Because of these shortcomings, the M600 chemical fuze was removed from service around 1953 and replaced by the M603 single-impulse fuze, which used a mechanical trigger mechanism i.e. a belleville spring. The stockpile of M600 fuzes was destroyed at this time after being deemed too dangerous to use. The M603 fuze is inherently safe to handle and much more reliable. In addition to the standard M603 fuze, two additional fuzes are available: the M624 tilt-rod fuze (which offers full-width attack capability) and the M608 double-impulse fuze. The M624 fuze requires 3.75 lbf of force to move the tilt rod, and once it exceeds 20 degrees of tilt the mine will detonate.

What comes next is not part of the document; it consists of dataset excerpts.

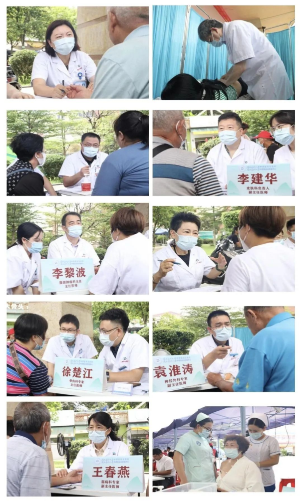 5月27日,南方医科大学中西医结合医院神经外科、针推康复科、脑病科、风湿病科、肾病科、腹部肿瘤科、腹部外科(普通外科)、皮肤科、骨伤科、呼吸科(胸部肿瘤内科)、妇科、中医护理共13名专家牺牲周末休息时间,从广州驱车4小时来到阳西县,零距离为群众健康把脉、开处方,为市民以及耳穴刮痧、艾灸等中医特色护理服务、免费测血糖血压等。
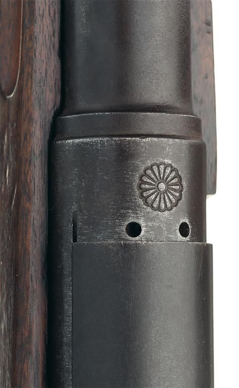B) This is an early series 5 type 38 carbine manufactured at the Nagoya Arsenal. The top of the receiver has the royal chrysanthemum intact over the kana markings. The series mark, serial number and Nagoya factory mark are on the left side of the receiver. It is fitted with the short staff rear sight graduated from 4-20 (400-2,000 meters) with the inverted "V" front sight. It has the original two-piece stock with the cupped buttplate and single barrel band. It comes with an original, sheet metal dust cover, late war plastic push-on muzzle cover, original cleaning rod and original leather sling. The trigger guard and floor plate are both marked with "C44Y" which may have been an identification/proper mark of the veteran who brought the rifle home.
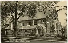 The Ardmore Presbyterian Church is a congregation of the Presbyterian Church located at the corner of Montgomery Avenue and Mill Creek Road. The Gothic exterior of the church building is gray stone, with granite trim, and the interior is hardwood.[25] The original church, now the chapel, was constructed in 1910 following the 1907 establishment of the congregation, whose 50 members worshipped at the local Masonic Hall in the meantime.[25] The first service in the new building was held in September 1910.[25] The current sanctuary, designed by Thomas, Martin & Kirkpatrick,[26] was dedicated in 1924. Subsequent additions were built in 1931 and the 1950s.
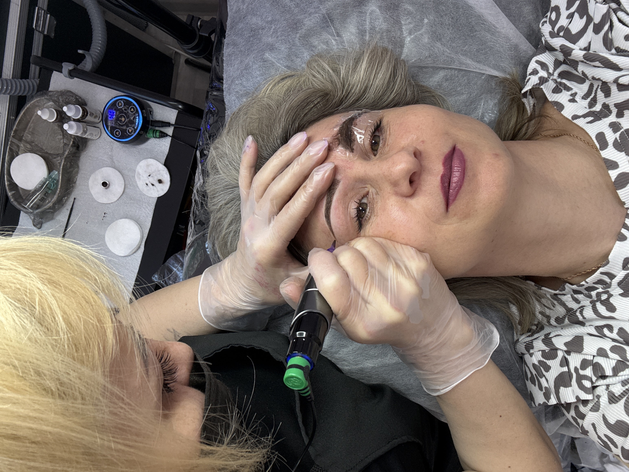 A woman lies on a table with a gray covering. She is receiving a cosmetic procedure on her eyebrows. A gloved hand holds a tattoo-like machine with a green adjustment ring, and a wire trailing to the left. Clear plastic covers her eyebrows. Another person, with blonde hair, is operating the machine. To the left, a black tray holds cotton pads, small bottles, and a digital machine. The woman wears a white and gray patterned shirt and a thin gold chain around her neck. The location appears to be a salon, possibly in Bolsheustyikinskoye, Russia.

The M608 double-impulse fuze will not detonate the mine when the first tank drives over it: instead, it simply arms itself so that the mine detonates when the second vehicle (e.g. an APC or perhaps a truck towing a howitzer) following in the tracks of the first tank drives over it – an event which might occur seconds, hours or even weeks later. The M608 double-impulse fuze is particularly useful when fitted to mines located on the outer edges of minefields, because this gives tank operators a false sense of security. The lead tank, for instance, can drive over 30 mines fitted with double-impulse fuzes without detonating any of them. This lures tank operators deep into the minefield, where they eventually trigger mines fitted with the M603 or M624 fuze (both of which operate exclusively in single-impulse mode) and become trapped. Attempts to recover the tanks or rescue victims are hindered by the fact that the M608-fitted mines previously driven over are now operating in single-impulse mode, and also because minefields containing M15 mines usually contain various antipersonnel mines as well, for instance the M14 mine and M16 bounding mine. An additional benefit of double-impulse fuzes is that they give mines a degree of protection against clearance techniques which use blast overpressure or mine roller systems.

==Specifications==
- Weight: 14.3 kg
- Explosive content: 10.3 kg of Composition B
- Diameter: 333 mm
- Height: 150 mm
- Operating pressure: 160 to 340 kg (for the M603 pressure fuze)

==Users==
- USA: The United States holds a large inventory of this mine. In 1984 it had approximately 1,904,000 M15 mines in storage, of which around 70% were serviceable.